[Opening Entries supplied section]
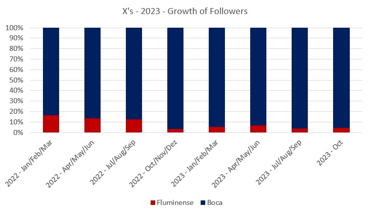 Back to the comparison with Fluminense: the difference between the two clubs increased significantly in 2023, as Boca Juniors added more than 738,000 new followers, while Fluminense gained just over 43,000 until October 29.
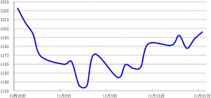 上周,受实需支撑,加之中国央行意外宣布降息,且欧洲央行行长德拉吉强烈暗示,欧洲央行已准备好扩大QE,国际金价上涨,周五收盘于1201.09美元/盎司,较前一周上涨1.11%。
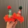 Tocado de Navidad de Año Nuevo para niños horquilla de lazo con borla rojo vino horquilla dorada de terciopelo bola de piel horquilla para niños al por mayor
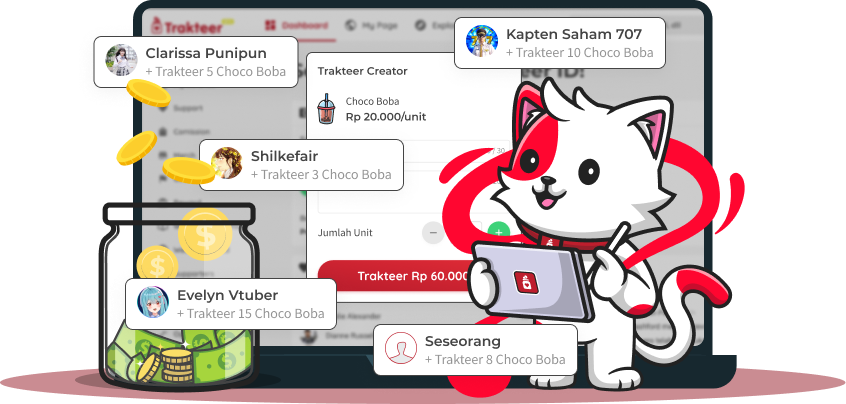 Di sini kamu bisa menerima dukungan dan apresiasi karya dengan mudah dan menyenangkan sepeti saat kamu ditraktir seorang teman.
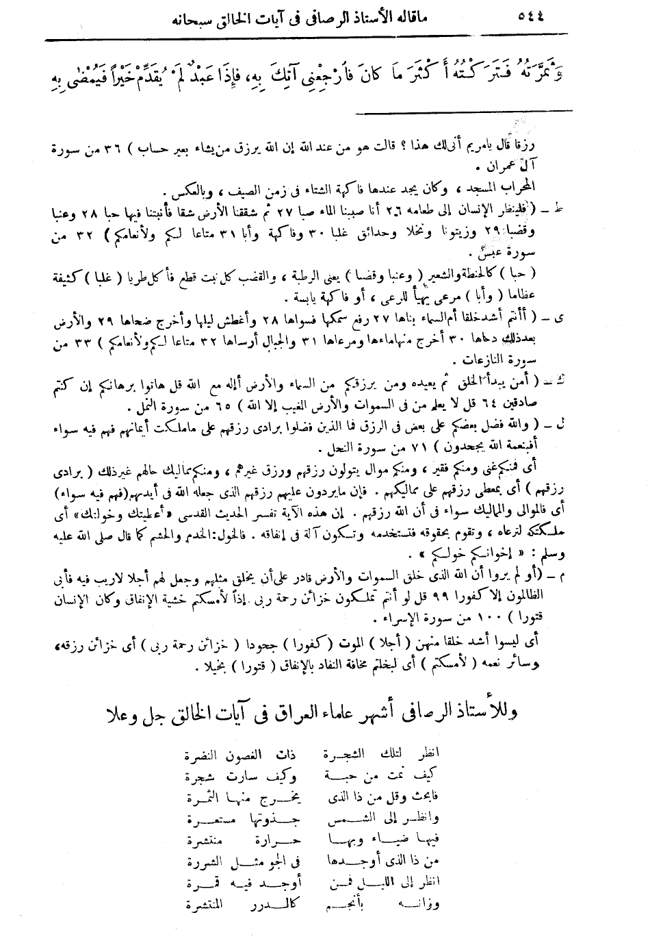 وللأستاذ الرصافي أشهر علماء العراق في آيات الخالق جلّ وعلا
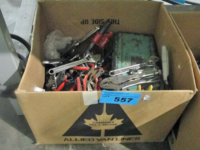 One box of assorted hand tools; screw drivers, wrenchs, etc
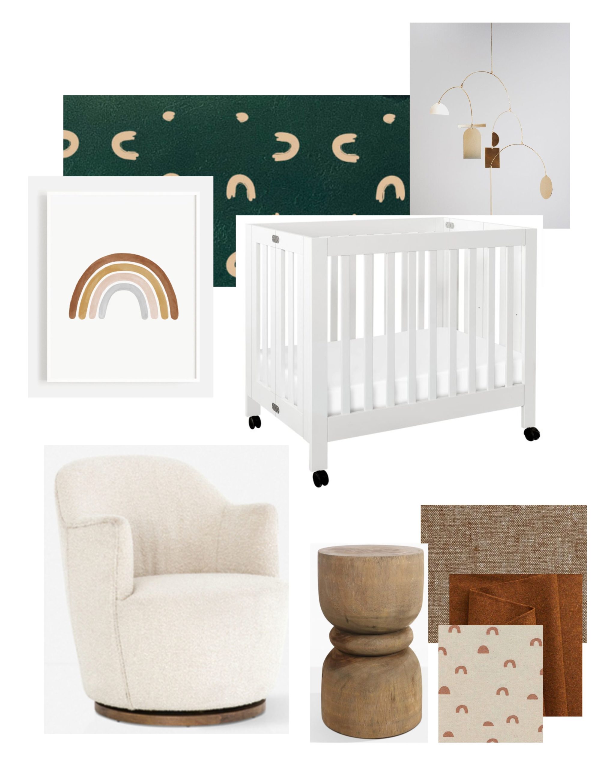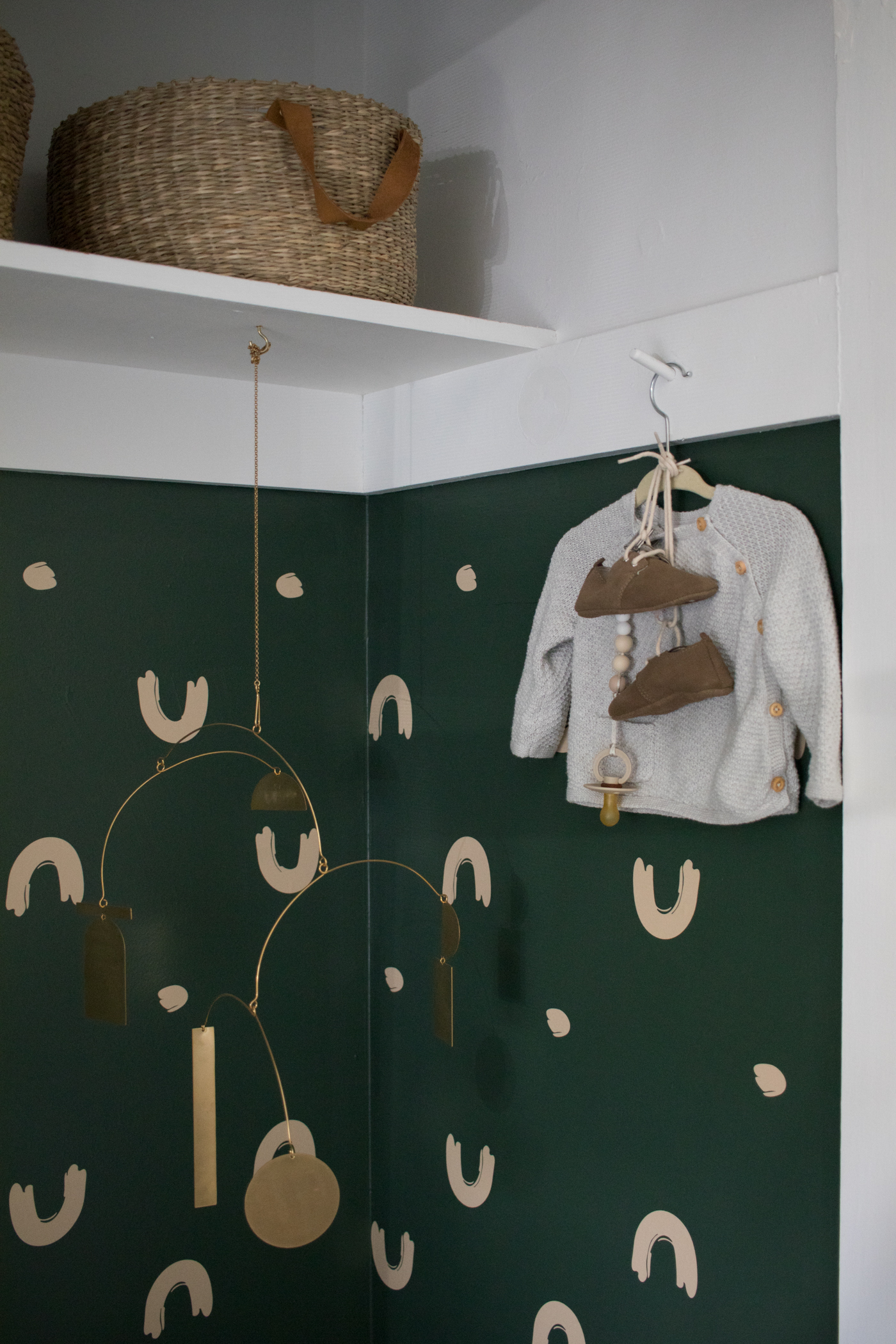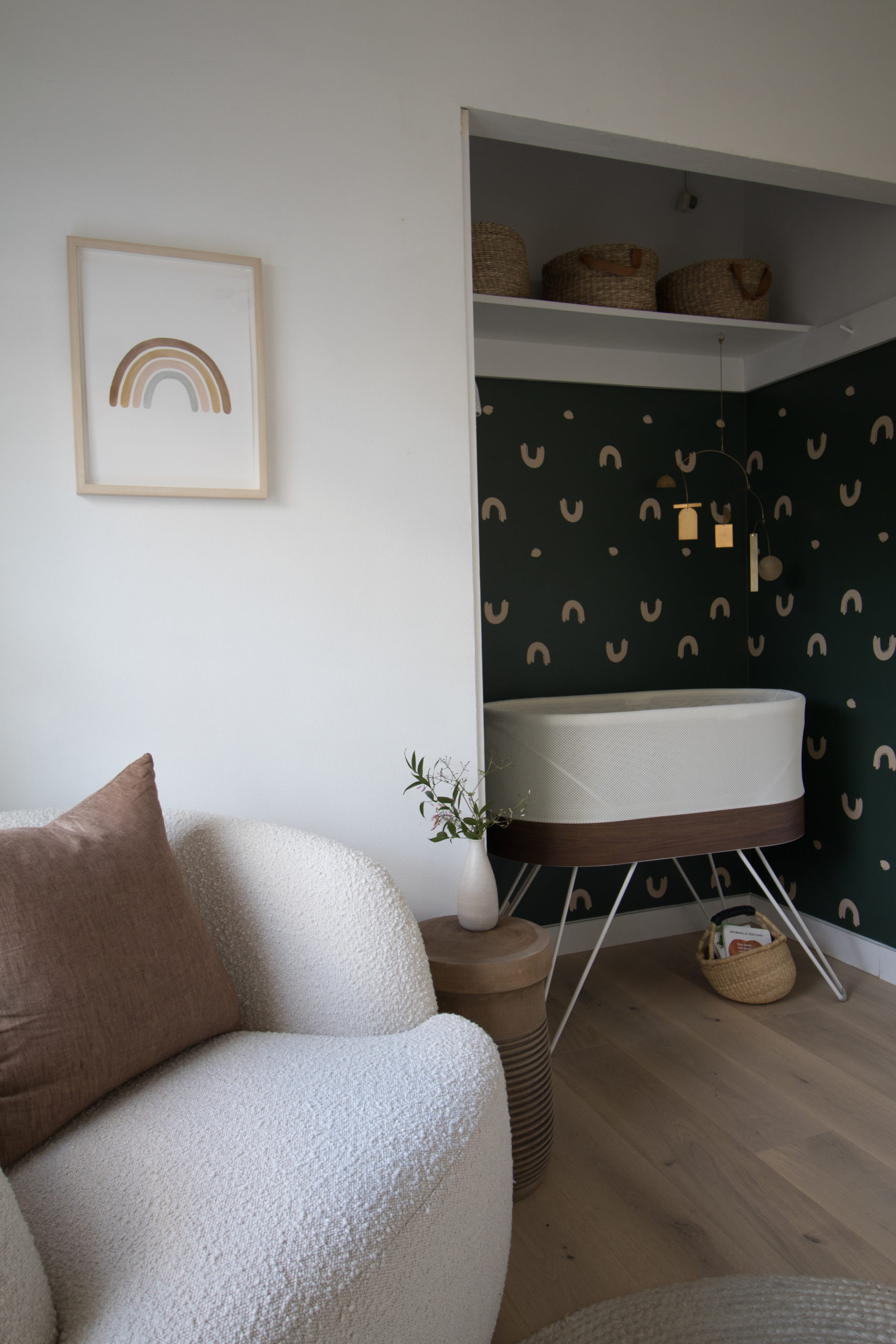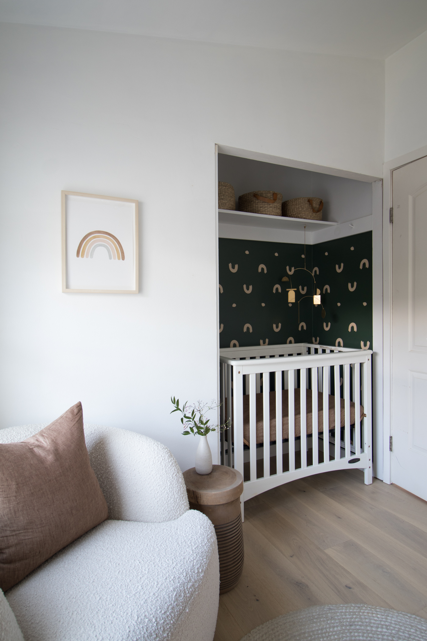 I wanted to make the new co-sleeping nook a little space of it’s own so I painted the walls a deep green. The color is Coriander and Olive by Sherwin Williams. I had snagged the rainbow wall print from Rylee + Cru and with that the arches started to play a part in the design.
[Closing Entries supplied section]
— What is being asked —
Please copy the data above word for word, but only from the line that contains "Di sini kamu" through the final line, both included, and without the pictures.

— Task result —
 Di sini kamu bisa menerima dukungan dan apresiasi karya dengan mudah dan menyenangkan sepeti saat kamu ditraktir seorang teman.
 وللأستاذ الرصافي أشهر علماء العراق في آيات الخالق جلّ وعلا
 One box of assorted hand tools; screw drivers, wrenchs, etc
 I wanted to make the new co-sleeping nook a little space of it’s own so I painted the walls a deep green. The color is Coriander and Olive by Sherwin Williams. I had snagged the rainbow wall print from Rylee + Cru and with that the arches started to play a part in the design.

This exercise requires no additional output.